There are 52 people in the cast, 10 union musicians and seven tech folks. He's renting the main stage at the Temple of Music and Art. He finances his shows—this one will cost in the neighborhood of $52,000—from his own teacher's salary and modest amounts from six donors.

He pays everyone. That's rare in this town.

"I use people who could be making their living in the theater, but for various reasons, have chosen not to," he said. "I have gathered into the ensembIe experienced people who I expect to be on time, learn their music, behave professionally and perform at a professional level. How do I dare not pay them?"

Anyone who knows about Arizona Onstage knows that Johnson leans toward staging plays with dark—or, perhaps more accurately, thoughtful—content.

"I have nothing against Oklahoma! and The Sound of Music," he explained. "But there are plenty of opportunities for folks to see those. There are not many opportunities to see the kinds of shows I do. And they should be seen."

Sweeney Todd made a scene on Broadway in 1979. It won eight out of the nine Tony awards it was nominated for, and earned dozens of other honors. In 2007, Tim Burton directed a movie version starring Johnny Depp, Helena Bonham Carter and Alan Rickman, introducing the story to many folks who weren't familiar with it.

Benjamin Barker has been wrongly imprisoned in Australia for years, sentenced by an evil judge who desired Barker's wife for himself, and who appropriated the Barkers' daughter as his ward, locking her in his home her entire life. When Barker returns to London, he creates a new persona, Sweeney Todd, whose goal is revenge—pure and simple. His old barber's shop is a flat over a bake shop, and he and the baker, Mrs. Lovett, go into business together: He kills his customers, sending their bodies down to Mrs. Lovett, who develops very tasty meat pies with the flesh of these unfortunate seekers of a shave. The public can't get enough of those pies, and Todd and Lovett are happy to keep them coming. Of course, circumstances unravel, and justice is broad and bloody.
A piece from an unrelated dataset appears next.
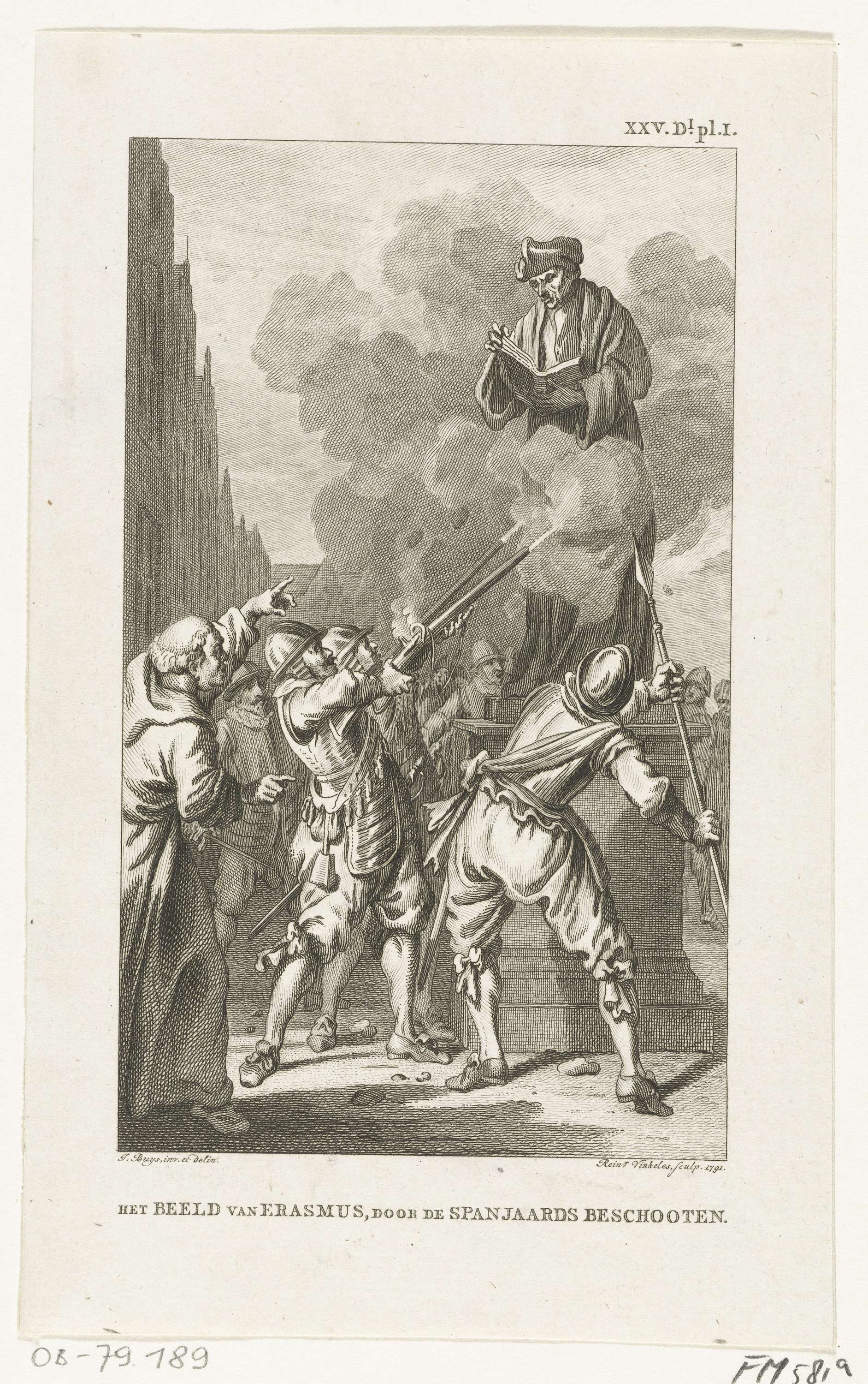 Spaanse soldaten beschieten het beeld van Erasmus, 1572

The show is a melodrama, which, Johnson said, in its original usage meant a stage show accompanied by music. More specifically, the story of Sweeney Todd is based on a "penny dreadful," which in Victorian England was a page-long lurid story included with newspapers to help to boost sales. Not everybody could read in those days, so these penny dreadfuls would be read aloud, and the story would circulate, changing just a bit every time it was told.

Johnson is using this approach in telling his version. "We are storytellers, and our version has changed just a bit. In the opening scene, everyone is onstage, as though it were the end of the show—even Todd, who's dead. The action of the play is: We are going to show you how this came to be. As they look at each other in that opening scene, they know they are facing their fate."
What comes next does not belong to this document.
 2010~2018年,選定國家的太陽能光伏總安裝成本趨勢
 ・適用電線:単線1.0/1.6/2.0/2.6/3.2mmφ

He paused. "It's really not a fancy show. It's a smart show. And I trust the audience to fill in many blanks. That's not to say there won't be a set or costumes. There was one revival in New York of Sweeney Todd where there were only nine actors, and they themselves played their musical accompaniment. Patti Lupone played a tuba. And the producers said, 'Oh, it's so innovative.' I thought, 'No, you're just really cheap bastards.'"

Portraying Todd is Kit Runge, who is an engineer at Raytheon. Although he had been enticed by theater in high school, in college, he pursued engineering, getting a doctorate from Stanford. He and his family moved here in 2004, and he has done several shows in town, including several with Johnson at Arizona Onstage. One of the things he likes about Johnson is that he is willing to take risks, choosing shows not in the mainstream and with a certain level of difficulty.

Interestingly, he was cast as Todd in a production in New Jersey—just before he and his family transferred here, so he never got to play the role.

The biggest discovery for Runge has been how impressed he is with Sondheim. "This is very legitimate music, and I have liked it more than I imagined I would," he said.

About this production, Runge said he is so impressed that "the quality of the cast is insanely high—higher than I've ever experienced before. Then again, this kind of show can draw that kind of talent."

What does Johnson want the audience to take away from their experience of this violent yet tuneful story? "You mean besides that there's a really ballsy small professional theater in town? I want them to ask themselves, after seeing how this all came to be, how far away are you—really—from this person? What would you do—or want to do—in this situation?"